▶ **RECORDED INFORMATION**:
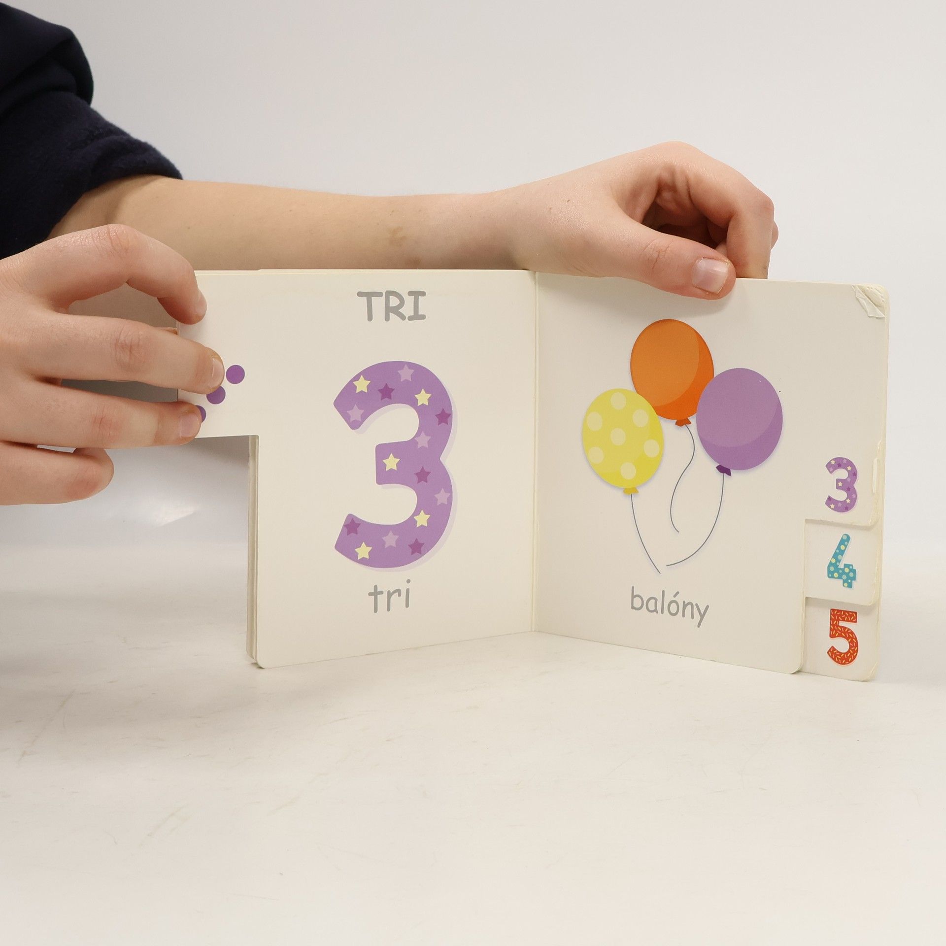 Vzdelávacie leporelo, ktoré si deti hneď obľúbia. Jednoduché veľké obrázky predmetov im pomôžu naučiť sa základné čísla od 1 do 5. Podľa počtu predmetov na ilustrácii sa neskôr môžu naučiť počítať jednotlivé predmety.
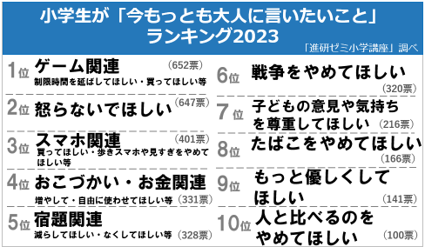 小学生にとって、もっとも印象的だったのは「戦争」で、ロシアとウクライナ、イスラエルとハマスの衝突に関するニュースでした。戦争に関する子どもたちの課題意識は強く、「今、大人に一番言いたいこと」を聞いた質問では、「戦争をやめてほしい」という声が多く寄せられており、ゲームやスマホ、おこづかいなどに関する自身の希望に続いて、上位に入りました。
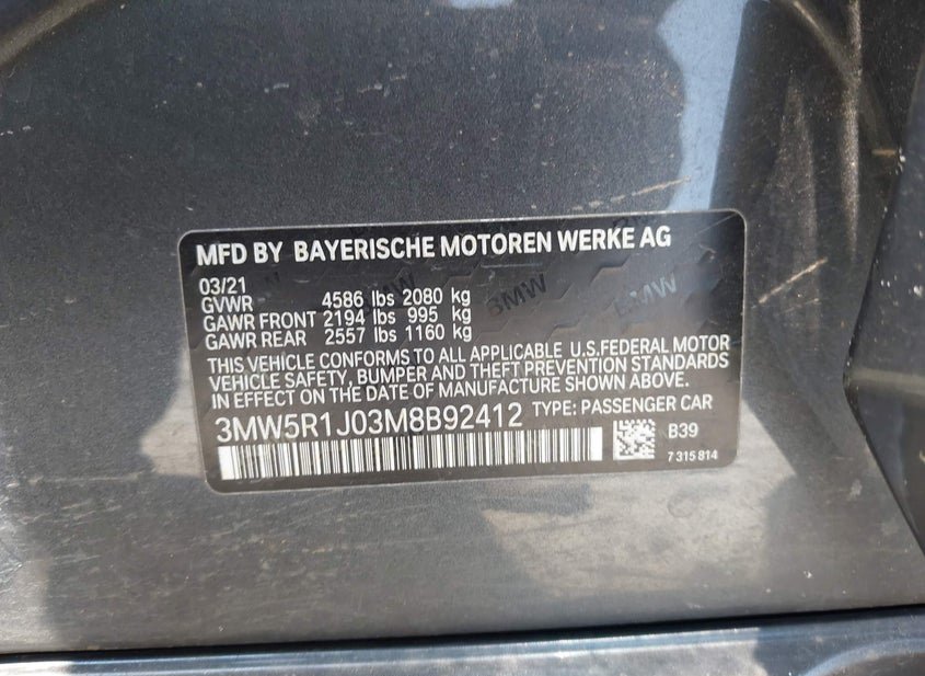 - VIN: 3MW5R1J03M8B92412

---

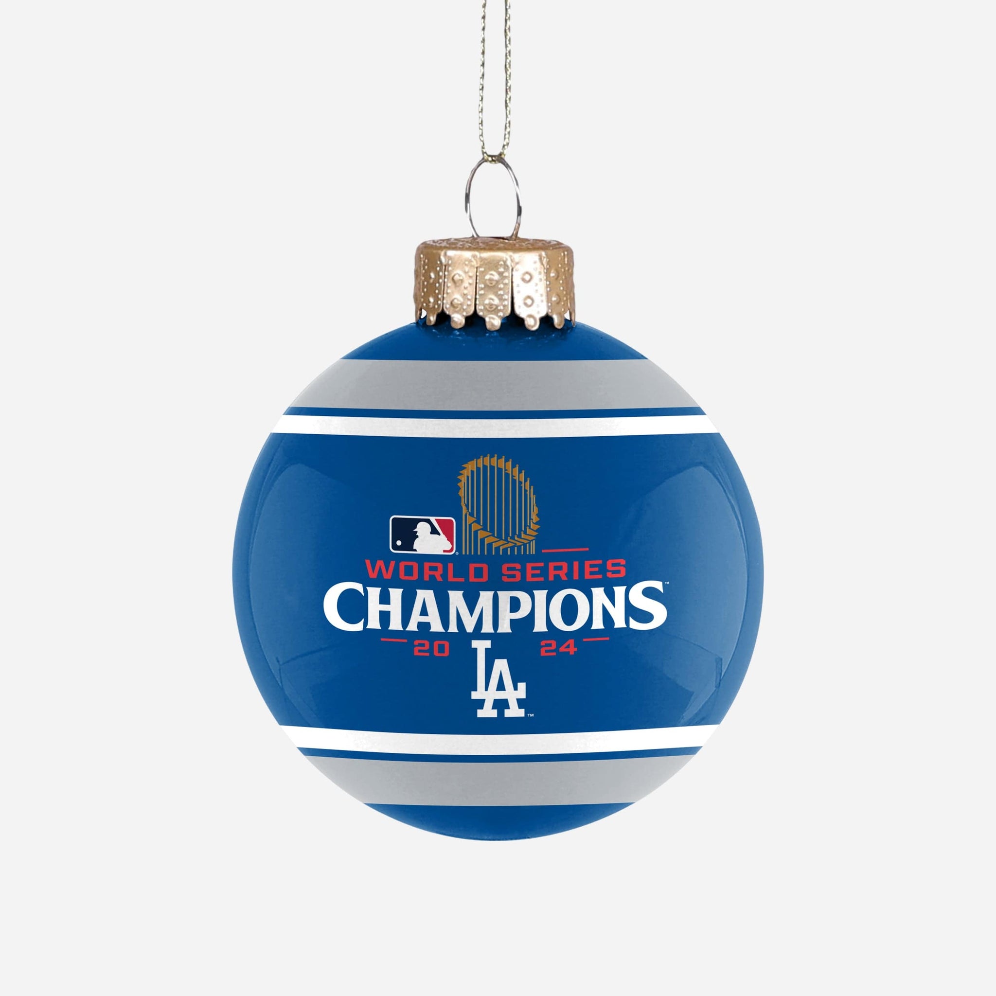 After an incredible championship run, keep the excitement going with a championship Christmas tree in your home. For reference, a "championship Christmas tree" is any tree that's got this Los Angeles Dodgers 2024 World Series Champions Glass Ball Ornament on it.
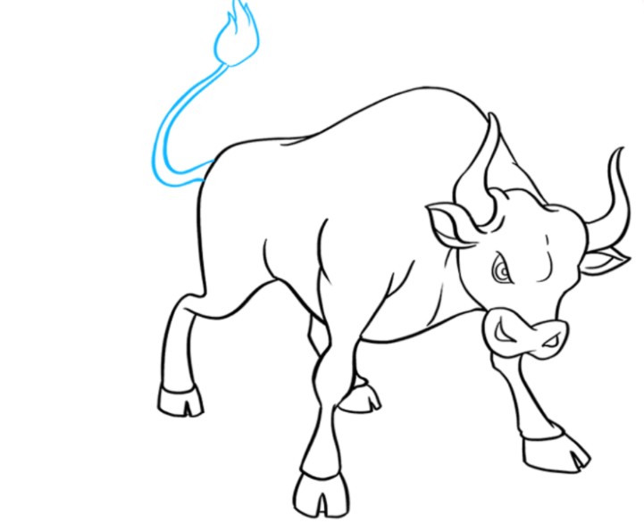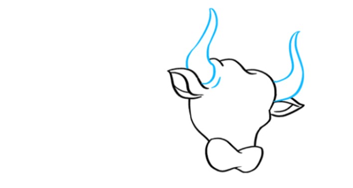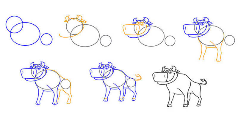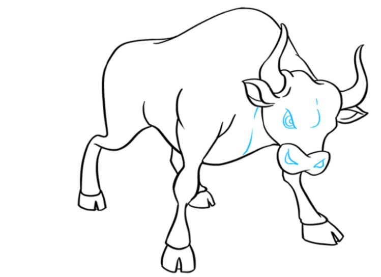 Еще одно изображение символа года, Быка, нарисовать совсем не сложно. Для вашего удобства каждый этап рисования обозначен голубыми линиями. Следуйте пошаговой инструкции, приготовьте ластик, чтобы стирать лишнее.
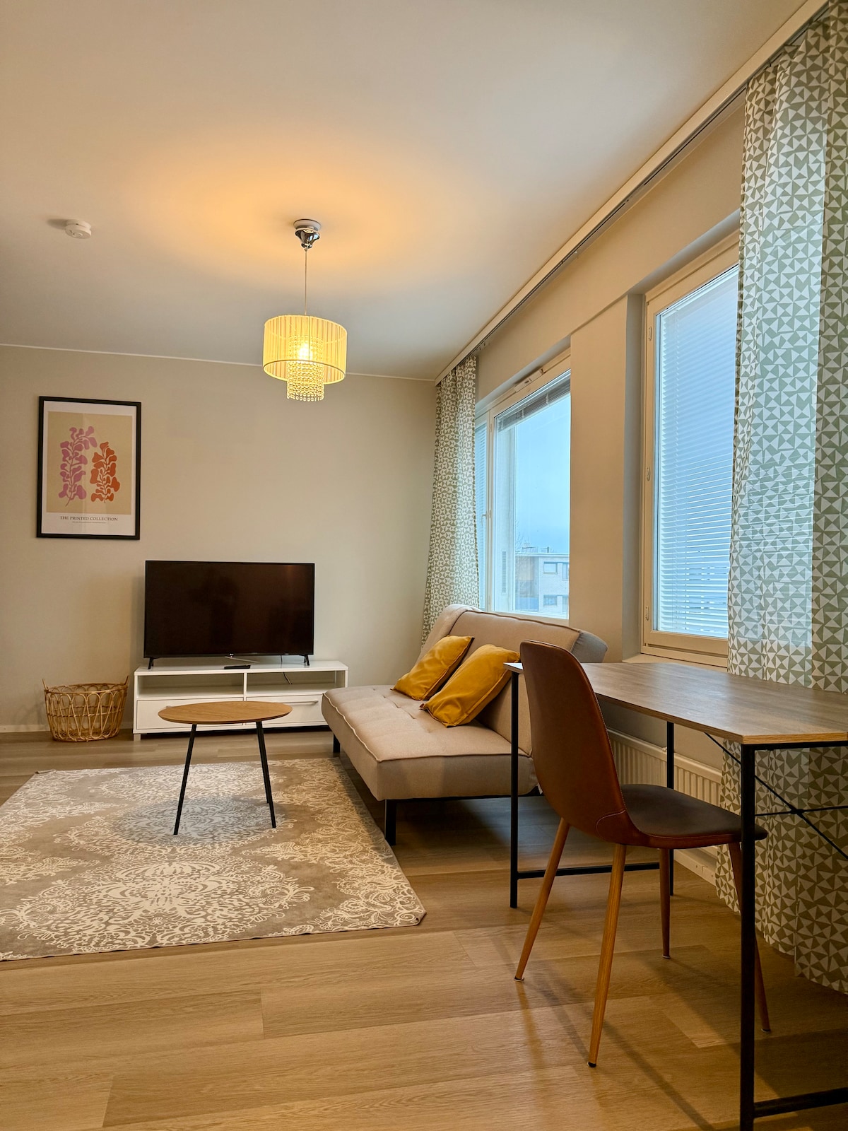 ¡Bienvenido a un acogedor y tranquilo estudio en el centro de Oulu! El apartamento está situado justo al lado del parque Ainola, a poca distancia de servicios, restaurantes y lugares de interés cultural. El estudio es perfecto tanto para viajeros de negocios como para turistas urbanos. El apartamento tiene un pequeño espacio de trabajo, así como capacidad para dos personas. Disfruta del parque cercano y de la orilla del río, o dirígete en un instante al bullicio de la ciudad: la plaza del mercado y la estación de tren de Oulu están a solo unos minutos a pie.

---

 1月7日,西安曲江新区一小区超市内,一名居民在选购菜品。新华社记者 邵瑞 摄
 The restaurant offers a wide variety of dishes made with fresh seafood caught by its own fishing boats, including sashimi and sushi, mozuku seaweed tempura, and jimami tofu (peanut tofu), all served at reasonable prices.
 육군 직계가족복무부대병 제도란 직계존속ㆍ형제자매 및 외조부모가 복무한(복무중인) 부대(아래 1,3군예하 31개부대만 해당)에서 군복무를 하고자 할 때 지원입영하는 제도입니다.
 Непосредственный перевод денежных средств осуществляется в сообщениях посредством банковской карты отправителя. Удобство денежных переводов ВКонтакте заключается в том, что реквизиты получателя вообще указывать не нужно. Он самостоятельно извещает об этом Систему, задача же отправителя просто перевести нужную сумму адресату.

▶ **REQUIRED ACTION**:
With the pictures omitted, print the lines above exactly, beginning at the line with "Vzdelávacie leporelo, ktoré" and going on through the line with "- VIN: 3MW5R1J03M8B92412".

▶ **ANSWER BOX**:
 Vzdelávacie leporelo, ktoré si deti hneď obľúbia. Jednoduché veľké obrázky predmetov im pomôžu naučiť sa základné čísla od 1 do 5. Podľa počtu predmetov na ilustrácii sa neskôr môžu naučiť počítať jednotlivé predmety.
 小学生にとって、もっとも印象的だったのは「戦争」で、ロシアとウクライナ、イスラエルとハマスの衝突に関するニュースでした。戦争に関する子どもたちの課題意識は強く、「今、大人に一番言いたいこと」を聞いた質問では、「戦争をやめてほしい」という声が多く寄せられており、ゲームやスマホ、おこづかいなどに関する自身の希望に続いて、上位に入りました。
 - VIN: 3MW5R1J03M8B92412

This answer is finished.